- **Brief**: The entire listing, reproduced exactly and stripped of images, is the expected output.

- **Data below**:
-=-=-=-=-
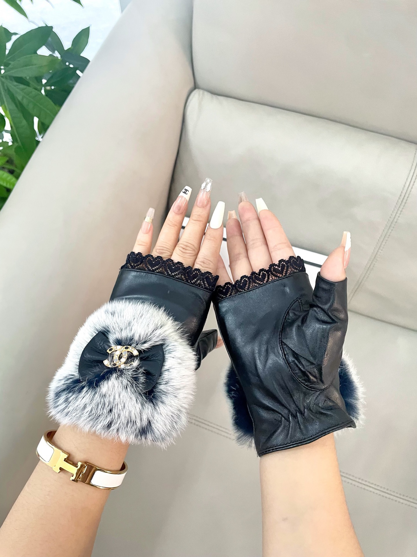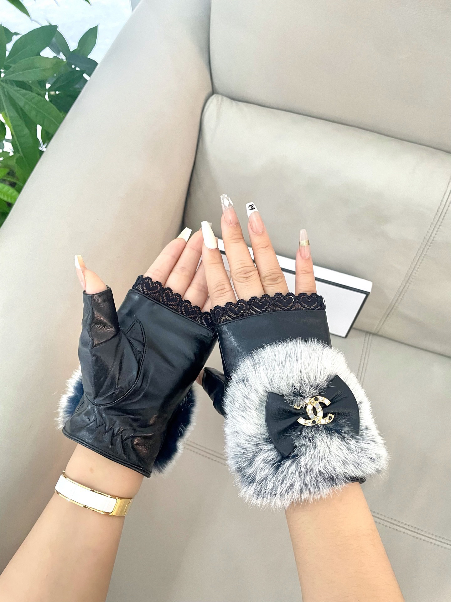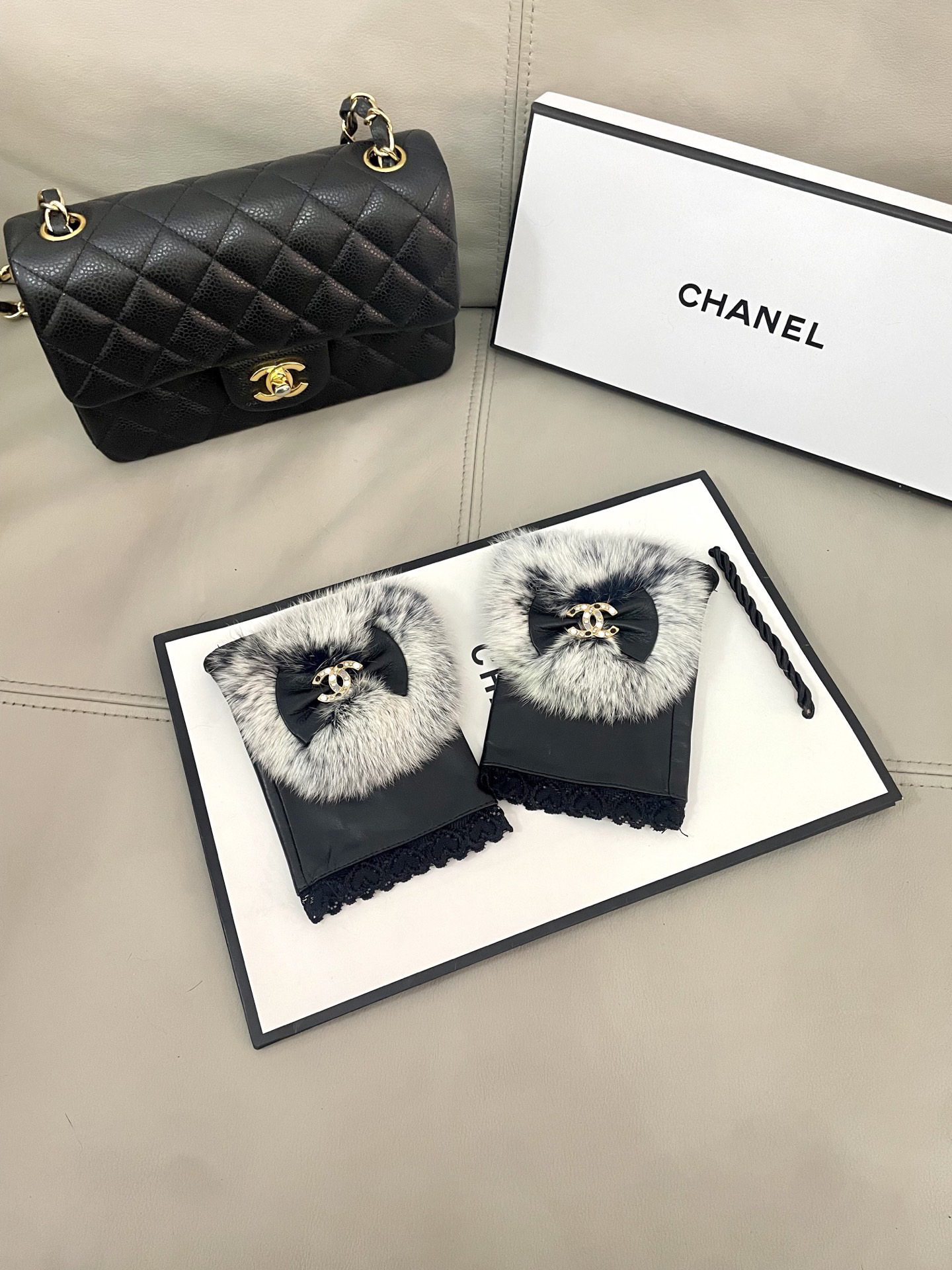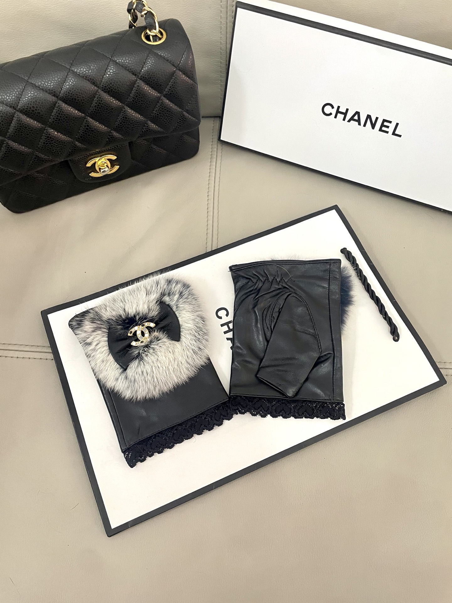 秋冬特惠💰240 香奈儿女士新款高档毛呢短款手套选用进口小羊皮 内里羊丝里 皮质光泽鲜亮饱满 柔软细腻 手感一流 认准进口羊皮特有手感 原版五金 任何细节都不放过 码数: L
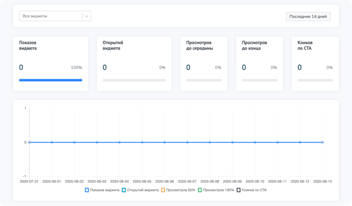 Смотрите аналитику по просмотрам виджета, досматриваемости, кликам за разные периоды и т.д
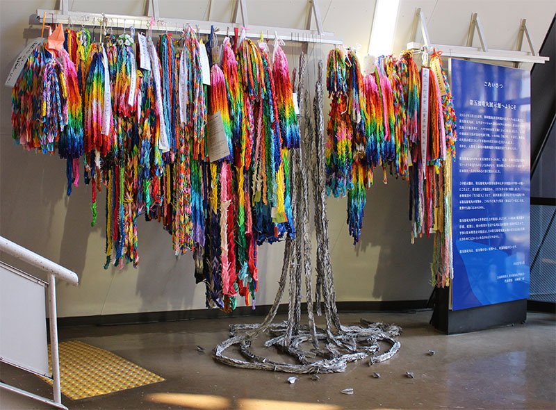 「ゴジラと福竜丸 ~想像力と現実」 ―ビキニ水爆実験被ばく60周年アート企画 2015 / 都立第五福竜丸展示館「ゴジラと福竜丸 ~想像力と現実」テキスト【 NAGASAWA Hideyuki HP >>> 】 九百九十九羽の鶴 2004 / 折り紙・アクリル・糸
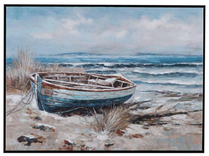 The Mo Bay Framed Canvas captures the serene beauty of a coastal scene, featuring a sailboat on the shore. The design evokes a sense of calm and relaxation, making it an ideal addition to spaces inspired by the beach or ocean.Read More
-=-=-=-=-
- **Answer to the exercise**:
 秋冬特惠💰240 香奈儿女士新款高档毛呢短款手套选用进口小羊皮 内里羊丝里 皮质光泽鲜亮饱满 柔软细腻 手感一流 认准进口羊皮特有手感 原版五金 任何细节都不放过 码数: L
 Смотрите аналитику по просмотрам виджета, досматриваемости, кликам за разные периоды и т.д
 「ゴジラと福竜丸 ~想像力と現実」 ―ビキニ水爆実験被ばく60周年アート企画 2015 / 都立第五福竜丸展示館「ゴジラと福竜丸 ~想像力と現実」テキスト【 NAGASAWA Hideyuki HP >>> 】 九百九十九羽の鶴 2004 / 折り紙・アクリル・糸
 The Mo Bay Framed Canvas captures the serene beauty of a coastal scene, featuring a sailboat on the shore. The design evokes a sense of calm and relaxation, making it an ideal addition to spaces inspired by the beach or ocean.Read More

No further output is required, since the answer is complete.